Are you in love and ready to pop the question? Once you have that perfect proposal planned, the only thing left to do is buy the ring. Choosing the ring itself is a formidable task on its own, but financing that ring can also be a major cause of stress. But don’t fret – we’ll tell you everything you need to know about financing an engagement ring.
How much will it cost?
Many jewelers will tell you that the engagement ring should cost you three paychecks. The average engagement ring costs about $5,200 and almost 12% of couples reported that they spent over $8,000. However, the amount you spend on the ring is a personal choice and you should only spend within your comfort level.
How can I find a good deal?
Shop for diamonds that are just below a common threshold. For example, if you are looking for a 1.0 carat diamond, consider buying a .90 carat diamond. The aesthetic difference is not very noticeable, and you could save around $1000. In addition, consider buying the loose diamond by itself, and purchasing the setting separately. This can help you make sure you are getting exactly what you want, and also not paying additional costs for “convenience.”
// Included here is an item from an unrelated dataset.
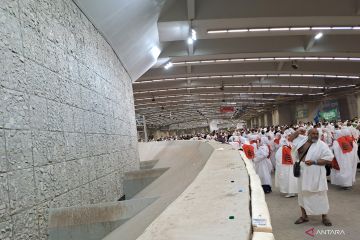 Jamaah haji melempar jumroh aqobah di Jamarat, Mekah, Arab Saudi, Rabu (28/6/2023). Lempar jumrah aqobah merupakan salah satu syarat yang wajib dilakukan pada ibadah haji sebagai simbol pengusiran setan yang pernah dilakukan Nabi Ibrahim AS. ANTARAFOTO/Wahyu Putro A/hp.

Do some research and use the internet! There are many websites that will help you identify the size and style of ring you want, and the going rate you can expect to pay for it at the jewelry store. This knowledge can help you negotiate with the jeweler – don’t settle for the sticker price unless you know it is already a fair price.
How will I pay for it?
Many jewelry companies offer 0% interest for the first 12 months, but can charge around 25-29% interest if the debt is not paid off in full within the first 12 months. This could cost you much more than you originally anticipated if you fall behind in your payments.
In addition, you should be aware that applying for financing will add an inquiry on your credit report. If you accept the financing, you will also have a new account with a balance on your credit report. Both of these instances could have a negative effect on your credit score, which can affect your ability to secure additional credit in the future. This is something you keep in mind if you and your new fiancé hope to buy a home together soon.
What are my options if I don’t want to apply for jewelry store financing?
Another option to avoid paying the 25-29% interest rate after 12 months would be to finance the ring at 0% and then use a lower rate balance transfer to pay off the balance before the 12 months are over. This strategy can have unforeseen consequences, so be sure you do your research.
Alternatively, consider paying cash. If you have the time, plan ahead and begin to put money into a savings account each month until you’ve reached the desired amount. You could also opt to purchase a less expensive ring now, and purchase an upgrade for a special occasion – such as your fifth or tenth wedding anniversary. Also, buying a more conservative ring will allow you to save for another big expense coming up in your near future: the wedding.
Yes, purchasing an engagement ring can be nerve-wracking, but not with the proper knowledge and preparation. Good luck, and happy shopping!